Thursday, 4 April 2013

Submarine Welfare

The Tory spin machine was in overdrive today, with the Chancellor linking a fatal house fire to excessive social welfare payments, while the Prime Minister used the recent bout of North Korean toy-throwing as the kind of "extreme threat" that justifies Britain's entire nuclear submarine programme. Hell, why don't we just pay for Trident straight out of the welfare budget and be done with it?

Given the gravity of the UK's economic predicament, you might have thought our political leaders would be sticking to hard facts, rather than inciting moral panic. But you'd be wrong. Party politics is all about cynically exploiting fear and greed:
"while narrowly targeted policies will fail to draw on the strength of middle-class political pressure to defend welfare, policies with wider coverage actively recruit the sharp elbows of the middle class." Source: The Solidarity Society: why we can afford to end poverty, and how to do it with public support. Fabian Society, 2009
That's right, the Tories have been tearing pages out of the Left wing playbook, even if they're trying to work the same trick in reverse. Blame all bad stuff on the welfare state, so most voters will want to spend less on it.

Ironically, the Left seem to think they got this idea from the Right, as explained by Rhiannon Lockley in her “Red Book” essay on "Understanding the Psychology of the Working Class Right Wing": 
 "...the key achievement of propaganda is to make the belief being transmitted internalised to the point where its origin is lost and it is accepted as natural and self-discovered by the individual... The volume and diversity of negative messages about scapegoated groups in the right-wing media today does much to achieve this, and it is also supported by the factual style of reporting which presents arguments as definite rather than exploratory." 
The truth is, they're all at it... endlessly spinning and scapegoating instead of solving the root cause of real problems. And we're paying for it. Big time.

So how do we get these people to focus on the real issues? Where do we start?

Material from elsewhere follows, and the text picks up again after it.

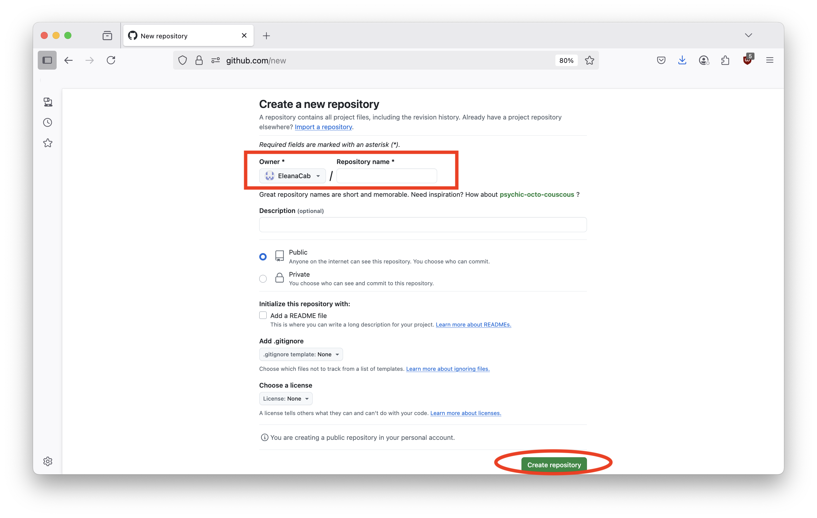 Name your repo with purpose (your name for a personal website, a project name, a course name, etc.)

I think we need to play them at their own game. And the best place to start is closest to home. We should link all our ills to government waste - not the welfare budget or the healthcare budget, but the £166bn that the public sector wastes on itself - nearly a quarter of the UK's entire annual exenditure. Every time a politician strays from a discussion of the hard facts in any area, we should ask them how he or she is going to spend less on travel or communications costs, or office space or, dare I say it, expenses.

Once they demonstrate an ability to get that basic level of waste under control, they can graduate to discussing how to control state taxation and spending in other areas. But the bizarre rants of North Korean leaders and random criminal acts, however tragic, should be a long way down the list.